In looking for tools, plugins, and utilities to help make my life easier in managing a variety of sites, I tried a variety of contact forms and a few tell-a-friend scripts. As far as tell-a-friend scripts, most handled things in a way I didn’t like, mostly because they were open to blatant abuse by those scum-sucking slimeballs wanting to send SPAM using legitimate sites, wasting the money and resources of others, without care of concern.

Many tell-a-friend forms allow users to enter their name (the FROM name), their email address (the FROM email), the recipient’s name (the TO name), and the recipient’s email address (the TO email address). Some of the forms, instead of using the sender’s email address, or even listing it, simply use the site’s email address to send the form.

Tell-a-friend forms are those forms that you use to "tell others" or "tell your friends" about a site. They send an email to someone else, and almost every tell-a-friend script I considered had a message field, allowing the sender to add a comment about the page or site.

Let’s look at how tell-a-friend forms are often abused. Once we do that, well look at some options to help reduce that, then a great solution.

Joe Spamsender wants to SPAM as many people as he can today, but his current domain has been shut down due to terms of service violations with his Web host. While waiting for the next site or sites to become active, he finds sites with tell-a-friend forms, and sends message after message after message to all sorts of people using a legitimate site.

When Jill and Bob get home from work that evening, they open their email and see they have 10 emails from Bob’s Do-It-Yourself Patio site. There’s a message, saying the email was sent from Bob’s Do-It-Yourself Patio site, giving the URL of a page to visit, as it’s something you were "talking about" with Joe Spamsender recently. Just below the default text, often entered by the site’s owner or Webmaster, is a custom message from Joe Spamsender. In the memo he is allowed to send, he enters gibberish text, or, if you’re lucky, perhaps it is random lines from various poems. Then there’s the mystery URL to follow.

While it’s nice Bob’s Do-It-Yourself Patio site had a tell-a-friend form available for site visitors, Jill and Bob are now cursing Bob and his site because of the SPAM, and may just add his email address to their SPAM filters because of the SPAM they just received.

In reality, it wasn’t Bob that sent the information. Looking at it from the perspective of the SPAM recipient, Bob may have sent the SPAM himself. Jill and Bob don’t care who sent it. They are angry.
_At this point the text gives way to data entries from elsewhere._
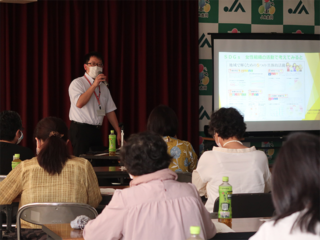 女性部は7月2日、JA本店で学習会を開き、女性部活動とSDGsの関わりについて学びました。講師はJA宮城中央会組織対策部の鈴木圭将さんが務め、「SDGsの取り組みについて」と題し講演しました。鈴木さんはSDGsとJA、女性組織の関わり、事例などを紹介。「今日SDGsを初めて聞いた方は一つでも理解いただき、それを今後の活動に生かしてほしい」と呼び掛けました。三塚俊枝女性部長は「SDGsは女性部活動そのもので、持続可能な社会は私たちの未来であり子や孫の未来です。これからも仲間とともに活動を進めていきましょう」と挨拶しました。
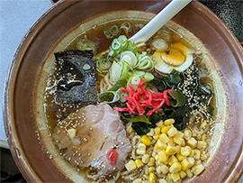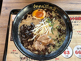 写真は、JUNの海外駐在員便り「帰国後の日々編」から、花月の期間限定ラーメン『黒マー油ラーメン「味千」』。トンコツ好きな太太さんのご注文。
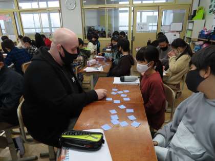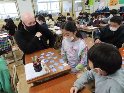 今日は,ALTの先生と一緒にカードマッチングゲームをしました。ゲームを通して,人を紹介する表現に慣れ親しめてきているようです。

After considering the problem with most tell-a-friend forms for about three or four years now, there’s a few things I figured out were needed. First, most of the forms available, including many of the scripts, and most of the JavaScript tell-a-friend forms, especially, can allow content to be "injected" or added fairly easily. Okay, let’s explain this one a little.

Let’s say you visit Bob’s Do-It-Yourself Patio site tonight. You find a page you want to send to a friend, but you want to add a note, telling your friend that the idea on the page is what you want to do for your in-laws, and asking if your friend could help. Because Bob’s form has been abused in the past by Joe Spamsender, Bob deleted the field in the form that allowed a custom message to be added.

That’s great, but someone who knows what they are doing, takes a few seconds to check the source code, can find out what script is being used, and sometimes find a quick way to add custom content in spite of Bob’s efforts to not allow anything to be added. This is especially true of JavaScript forms.

The first thing needed is something fairly secure. The second thing you need is a form that has a reply-to field, or, you could use the email address for the site. I don’t like that idea, so the reply-to field is the email address used by the person using the form. Next is the sender’s name, the recipient’s name, and the recipient’s email address. All of this is standard, right? So far it is.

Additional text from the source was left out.